→ **Task to carry out**: Using the data that follows, return exactly the lines from the one that contains "Asilo-Ospedale del Val Bregaglia a Spino." through the one that contains "tenere il loro", ends included.
-- Provided material follows --
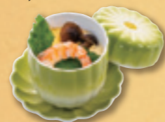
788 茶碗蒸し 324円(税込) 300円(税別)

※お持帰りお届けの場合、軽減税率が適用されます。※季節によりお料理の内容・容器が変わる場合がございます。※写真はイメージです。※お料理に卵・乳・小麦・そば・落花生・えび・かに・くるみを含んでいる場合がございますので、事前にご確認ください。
-- Provided material concluded --
-- Provided material follows --
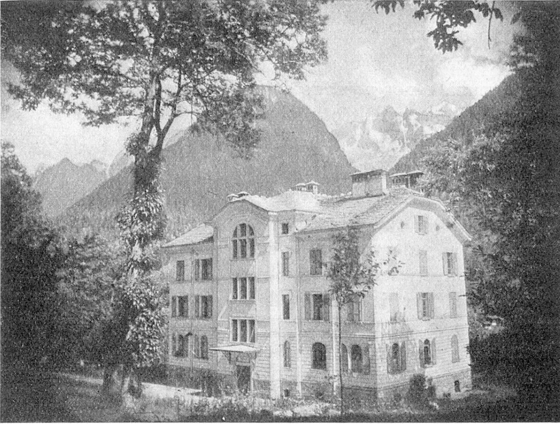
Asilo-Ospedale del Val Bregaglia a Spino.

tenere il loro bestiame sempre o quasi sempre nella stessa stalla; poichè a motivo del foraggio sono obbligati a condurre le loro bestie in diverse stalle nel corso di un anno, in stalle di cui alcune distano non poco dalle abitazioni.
-- Provided material concluded --
-- Provided material follows --
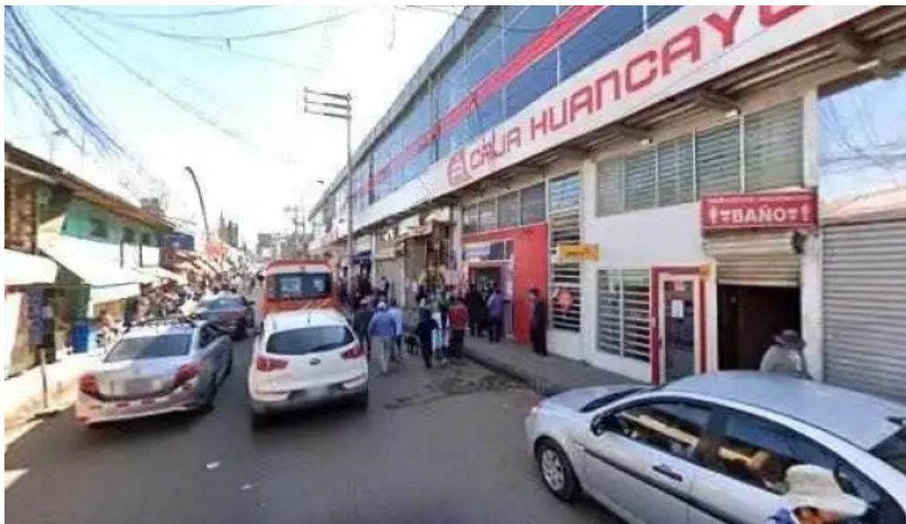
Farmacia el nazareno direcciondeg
-- Provided material concluded --
→ **Response**:
Asilo-Ospedale del Val Bregaglia a Spino.

tenere il loro bestiame sempre o quasi sempre nella stessa stalla; poichè a motivo del foraggio sono obbligati a condurre le loro bestie in diverse stalle nel corso di un anno, in stalle di cui alcune distano non poco dalle abitazioni.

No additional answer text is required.